Qurate Retail Inc.

08/15/2024 | Press release | Distributed by Public on 08/15/2024 14:06

Certificate of Incorporation/Bylaws Form 8 K

Item 5.03. Amendments to Articles of Incorporation or Bylaws; Change in Fiscal Year.

On August 13, 2024, the board of directors (the "Board") of Qurate Retail, Inc. (the "Company") approved an amendment and restatement of the Company's bylaws (the "Amended Bylaws"), which became effective immediately. In addition to certain other technical, conforming, modernizing and clarifying changes, the Amended Bylaws include the following changes to the advance notice provisions in Section 1.5 of the Amended Bylaws:

· modify the window for stockholders to submit proposals or nominations for the annual meeting to not more than 120 days and not less than 90 days prior to the anniversary date of the preceding year's annual meeting, and in the event the annual meeting is advanced by more than 20 days or delayed by more than 70 days from the anniversary date, notice must be received not earlier than 120 days prior to the annual meeting or the later of 90 days prior to the annual meeting or the 10th day following public announcement;
· modify the window for stockholders to submit proposals or nominations for special meetings to not more than 120 days and not less than 90 days prior to the special meeting;
· require a stockholder proposing business or nominating directors to provide additional information about the stockholder and any candidate the stockholder proposes to nominate for election as a director;
· expand the definition of beneficial and record ownership to encompass the definitions used in Rule 13d-3 of the Securities and Exchange Act of 1934, as amended (the "Exchange Act");
· require the nominee and the proposing person represent that they are not subject to, and will not enter into, any undisclosed voting agreements with the Company;
· require that any stockholder nominee for director submit a completed and signed questionnaire with respect to the background, qualifications, and independence of such nominee; and
· incorporate the universal proxy rule (Rule 14a-19 of the Exchange Act) into the advance notice provisions applicable to director nominations.

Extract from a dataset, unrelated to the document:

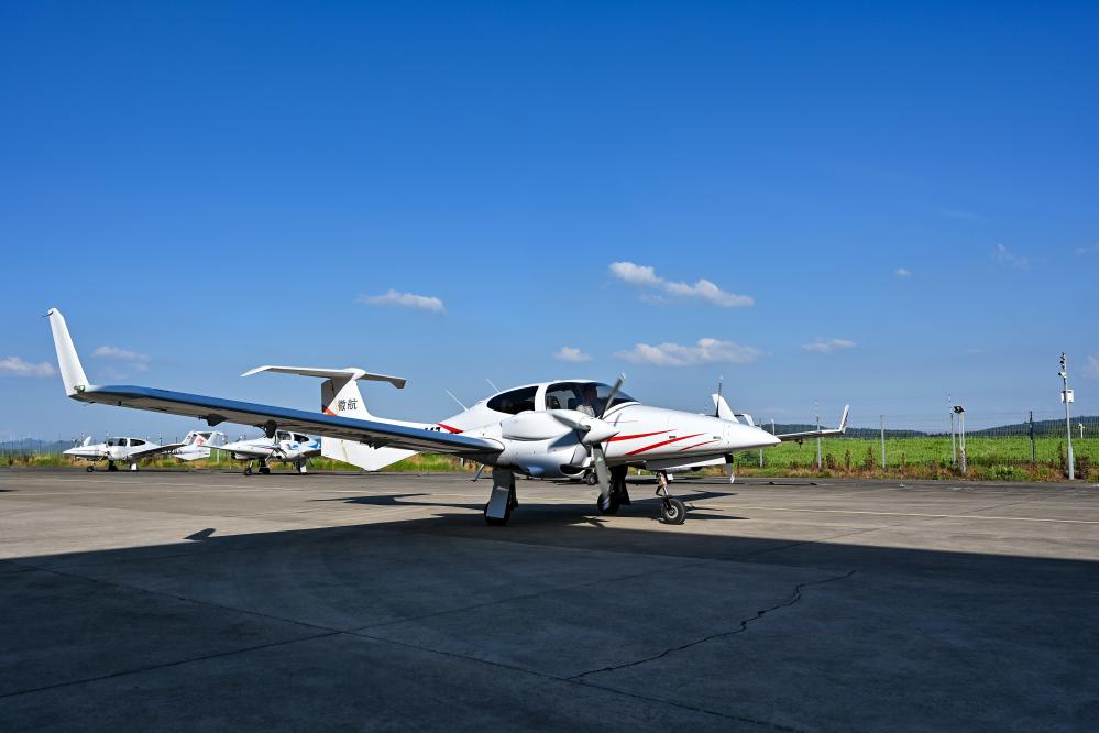 7月3日,在安徽省蕪湖市灣沚區航空小鎮,一架通航飛機準備起飛。

In addition, the Amended Bylaws also include revisions to incorporate recent amendments to the Delaware General Corporation Law, including revisions relating to: (i) adjournment procedures and preparation and availability of the Company's stockholder list for meetings of stockholders; (ii) authorization to sign stock certificates, approval of uncertificated stock, and notice of uncertificated shares by means of electronic transmissions; and (iii) notice under Section 5.4 of the Amended Bylaws by electronic mail.

The foregoing summary of the changes contained in the Amended Bylaws does not purport to be complete and is qualified in its entirety by the full text of the Amended Bylaws, which is filed as Exhibit 3.1 to this Current Report on Form 8-K and incorporated by reference herein.